Top of PROVIDED DATA

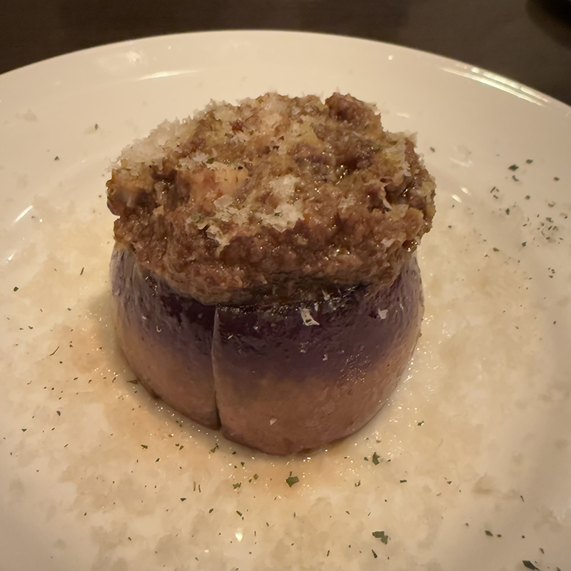 厚めの茄子にじっくりと火を入れて中はトロトロに。上にはマッシュルームのドライカレーソースが乗る。素材の組み合わせのセンスの良さが光る。
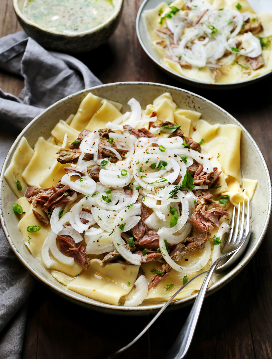 Традиционное, часто праздничное блюдо тюркских народов, особенно популярное у киргизов и казахов. Чем важнее повод торжества и богаче стол, тем больше мяса будет в блюде. Кроме баранины в бешбармак традиционно добавляют конину и колбасу из неё. В наши дни блюдо немного изменилось, потому что конину и конскую колбасу не везде можно найти, да и не все это едят. Поэтому бешбармак чаще готовят только из баранины, допустимы и альтернативные варианты с говядиной или другими видами мяса. Для насыщенного бульона лучше использовать мясо на кости. В готовое блюдо добавляют лук, ошпаренный кипящим бульоном, иногда редьку, нарезанную тонкой соломкой. Лук можно отварить до прозрачности, но вкуснее, когда он чуть упругий, просто потерявший остроту и горечь. При желании при подаче можно влить немного уксуса, особенно такая рекомендация понравится тем, кто любит добавлять уксус к пельменям. Лапша в этом блюде — замена хлеба. Кроме неё в бешбармак можно добавить и отварную картошку. на 4–6 порций 700 г
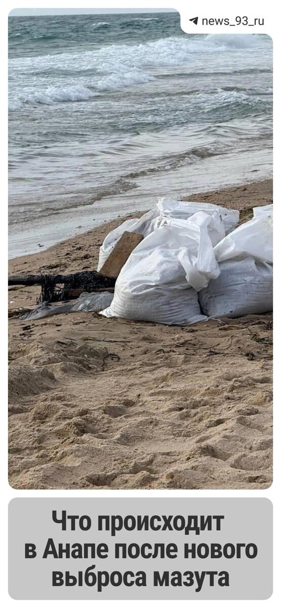 Что происходит в Анапе после нового выброса мазута? Накануне губернатор Краснодарского края Кондратьев сказал, что на Анапу движется 900 тонн мазута. Накануне наши коллеги из @news_93_ru поехали туда, чтобы посмотреть, как на берегу моря обстоят дела ⬆️

Bottom of PROVIDED DATA

- THE TASK
While leaving pictures out, reproduce exactly the lines from the beginning of the listing above through the line containing "Традиционное, часто праздничное", both ends included.

- WRITTEN SOLUTION
 厚めの茄子にじっくりと火を入れて中はトロトロに。上にはマッシュルームのドライカレーソースが乗る。素材の組み合わせのセンスの良さが光る。
 Традиционное, часто праздничное блюдо тюркских народов, особенно популярное у киргизов и казахов. Чем важнее повод торжества и богаче стол, тем больше мяса будет в блюде. Кроме баранины в бешбармак традиционно добавляют конину и колбасу из неё. В наши дни блюдо немного изменилось, потому что конину и конскую колбасу не везде можно найти, да и не все это едят. Поэтому бешбармак чаще готовят только из баранины, допустимы и альтернативные варианты с говядиной или другими видами мяса. Для насыщенного бульона лучше использовать мясо на кости. В готовое блюдо добавляют лук, ошпаренный кипящим бульоном, иногда редьку, нарезанную тонкой соломкой. Лук можно отварить до прозрачности, но вкуснее, когда он чуть упругий, просто потерявший остроту и горечь. При желании при подаче можно влить немного уксуса, особенно такая рекомендация понравится тем, кто любит добавлять уксус к пельменям. Лапша в этом блюде — замена хлеба. Кроме неё в бешбармак можно добавить и отварную картошку. на 4–6 порций 700 г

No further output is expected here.